GapRollForward

class tscv.GapRollForward(*, min_train_size=0, max_train_size=inf, min_test_size=1, max_test_size=1, gap_size=0, roll_size=None)[source]

A more flexible and thus powerful version of walk forward

New in version 0.1.

Provides train/test indices to split time series data samples that are observed at fixed time intervals, in train/test sets. In each split, test indices must be higher than before.

Parameters
min_train_sizeint, default=0

Minimum size for the training set. Can be 0.

max_train_sizeint, default=np.inf

Maximum size for the training set, aka the window.

min_test_sizeint, default=1

Minimum size for the test set. Will stop rolling when there are not enough remaining data samples.

max_test_sizeint, default=1

Maximum size for the test set. Set it to a small number so that each split will not use up the whole sample.

gap_sizeint, default=0

The gap between the training set and the test set.

roll_sizeint, default=`max_test_size`

The length by which each split move forward. The default value ensures that each data sample is test for at most once. A smaller value allows overlapped test sets. It has a similar flavor with rolling back but with the opposite direction.

Examples

>>> import numpy as np
>>> from tscv import GapRollForward
>>> X = np.array([[1, 2], [3, 4], [1, 2], [3, 4], [1, 2], [3, 4]])
>>> y = np.array([1, 2, 3, 4, 5, 6])
>>> cv = GapRollForward()
>>> print(cv)
GapRollForward(gap_size=0, max_test_size=1, max_train_size=inf,
        min_test_size=1, min_train_size=0, roll_size=1)
>>> for train_index, test_index in cv.split(X):
...    print("TRAIN:", train_index, "TEST:", test_index)
...    X_train, X_test = X[train_index], X[test_index]
...    y_train, y_test = y[train_index], y[test_index]
TRAIN: [] TEST: [0]
TRAIN: [0] TEST: [1]
TRAIN: [0 1] TEST: [2]
TRAIN: [0 1 2] TEST: [3]
TRAIN: [0 1 2 3] TEST: [4]
TRAIN: [0 1 2 3 4] TEST: [5]
>>> X = np.random.randn(10, 2)
>>> y = np.random.randn(10)
>>> cv = GapRollForward(min_train_size=1, max_train_size=3,
...                     min_test_size=1, max_test_size=3,
...                     gap_size=2, roll_size=2)
>>> for train_index, test_index in cv.split(X):
...    print("TRAIN:", train_index, "TEST:", test_index)
...    X_train, X_test = X[train_index], X[test_index]
...    y_train, y_test = y[train_index], y[test_index]
TRAIN: [0] TEST: [3 4 5]
TRAIN: [0 1 2] TEST: [5 6 7]
TRAIN: [2 3 4] TEST: [7 8 9]
TRAIN: [4 5 6] TEST: [9]
get_n_splits(X=None, y=None, groups=None)[source]

Returns the number of splitting iterations in the cross-validator

Parameters
Xarray-like, shape (n_samples, n_features)

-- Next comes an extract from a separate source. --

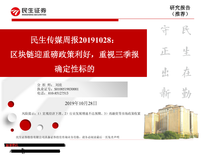 【民生证券】【20191028】民生传媒周报:区块链迎重磅政策利好,重视三季报确定性标的-19页

Training data, where n_samples is the number of samples and n_features is the number of features.

yobject

Always ignored, exists for compatibility.

groupsobject

Always ignored, exists for compatibility.

Returns
n_splitsint

Returns the number of splitting iterations in the cross-validator.

split(X, y=None, groups=None)[source]

Generate indices to split data into training and test set.

Parameters
Xarray-like, shape (n_samples, n_features)

Training data, where n_samples is the number of samples and n_features is the number of features.

yarray-like, shape (n_samples,)

Always ignored, exists for compatibility.

groupsarray-like, with shape (n_samples,)

Always ignored, exists for compatibility.

Yields
trainndarray

The training set indices for that split.

testndarray

The testing set indices for that split.